Но какь бы то ни было приведенными выше четырьмя несомнѣнными прозвищами Ивана III-го („Горбатsй", „Грозный", „Великій", „Правосудъ") не исчерпываются всѣ эпитеты, придаваемые ему въ источникахъ. Пишущему эти строки случилось пріобрѣсти на базарѣ въ Кіевѣ рукопись на 208 листахъ ін 4-°, писанную южно-русскою скорописью ХVIII вѣка съ кіноварными заставками и озаглавленную: „Историія Россійскаго народа лицъ и дѣлъ знаменитшихъ и обстоятельства прочіихъ къ нимъ прислушающихъ вещей, написанная ІІреподобнымъ Отцемъ нашимъ Несторомъ Лѣтописцемъ Свято Печерскимъ въ лѣто 1073 а переписан въ Киевѣ 1750 году". Эта „Историія" представляетъ собою списокъ такь называемой Густынской лѣтописи, отличающійся оть печатнаго текста послѣдней (Полн. Собр. Русск. Лѣтоп. т. II) нѣкоторыми варіантами, къ которымъ относится и наименованіе Ивана III „тираномъ", не встрѣчающееся въ печатномь текстѣ.
Приведемъ интересующія насъ мѣста рукописи. Въ ней говорится подъ 1467 (?) годомъ: „престависіа Василій Василіевичъ вел. кніазь Московскій и сѣде по немъ на кніазствѣ Іоаннъ Тиранъ снъ его", подъ 1469 годомъ: „Иванъ Василіевичъ Тиранъ посла свою великую рать и водою и землею на Обреима царіа"; подъ 1479 годомъ: „Іванъ Василіевичъ Московскій Тиранъ взіать подливою Новгородъ Великій", и, наконецъ, при описаніи унизительныхъ {11} обрядовъ при встрѣчѣ Ордынскихъ пословъ указывается, что избавилъ Москву оть этого униженія „великій и храбрій во кніазехъ великій Іванъ Васильевичъ глаголемій Тиранъ з намови жени своеія Анни Грекини".
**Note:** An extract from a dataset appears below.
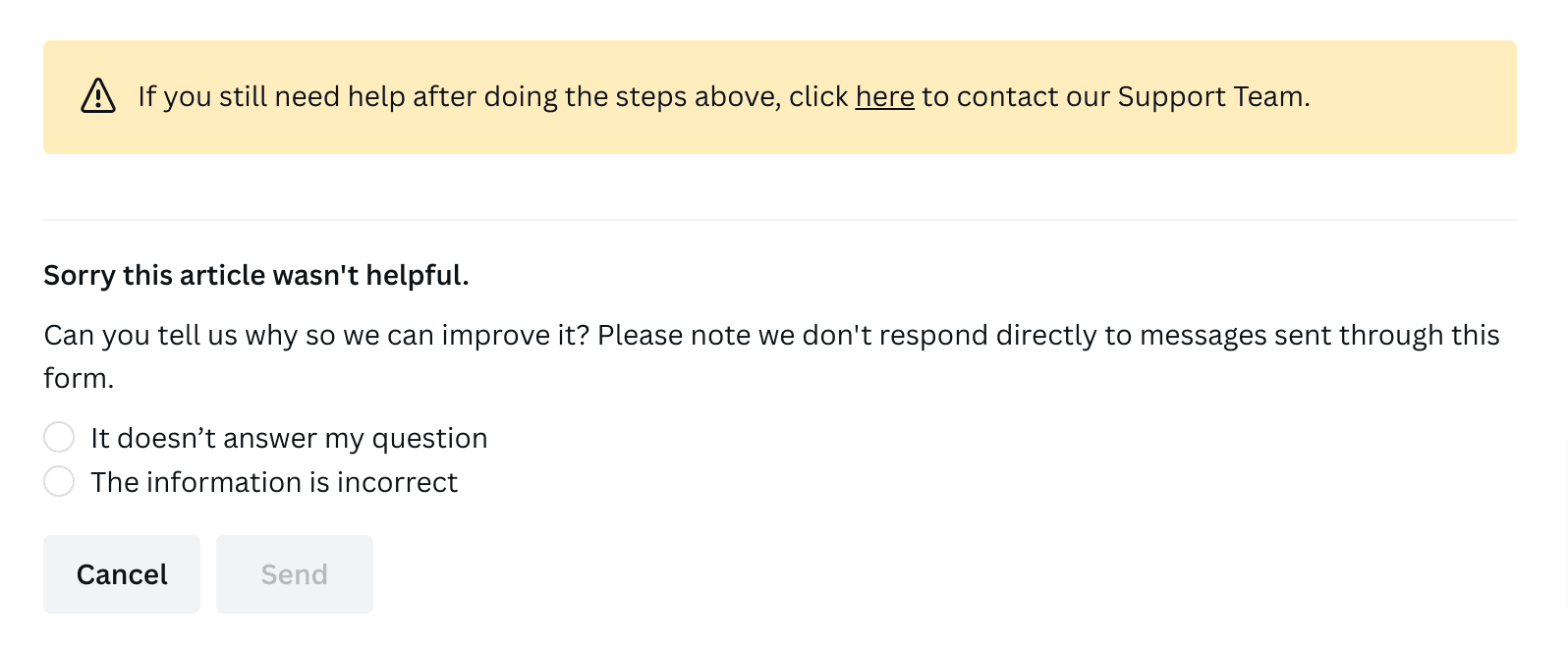 Readers can send in a customer support ticket if they don’t find a particular article helpful, and they can receive additional assistance.

Не беремся опредѣлить происхожденіе этого прозвища. Трудно сказать, дѣйствительно ли оно придавалось Ивану III-ему его южно-русскими современниками или дано ему позднѣйшими книжниками и переписчиками; но есть ли прозвище „тиранъ" переводъ титула „Господарь" принятаго Иваномъ III или оно характеризуетъ нравъ и управленіе Ивана III-го, о которомъ извѣстный уже въ XVI вѣкѣ южной Руси Герберштейнъ говоритъ, что не было къ нему доступа для бѣдныхъ, обиженныхъ и притѣсненныхъ сильными и что взглядомъ своимъ онъ наводилъ страхъ на женщинъ и на своихъ сотрапезниковъ (пер. Анонимова стр. 21-22) и наконецъ не слѣдуеть ли въ наименованіи Ивана III-го "Тираномъ" видѣть ошибку невѣжественнаго переписчика, перенесшаго на Ивана III-го прозваніе, даваемое польскими историками внуку его Ивану Васильевичу Грозному? Во всякомъ случаѣ разъ въ литературѣ возбужденъ вопросъ о прозвищахъ Ивана III-го, то дополненіе списка уже извѣстныхъ прозвищъ новымъ не можетъ считаться излишнимъ.
1) Дѣло, на которое ссылается Олферьевъ, издано въ „Русскомъ Историч. Сборникѣ" Ивановыхъ.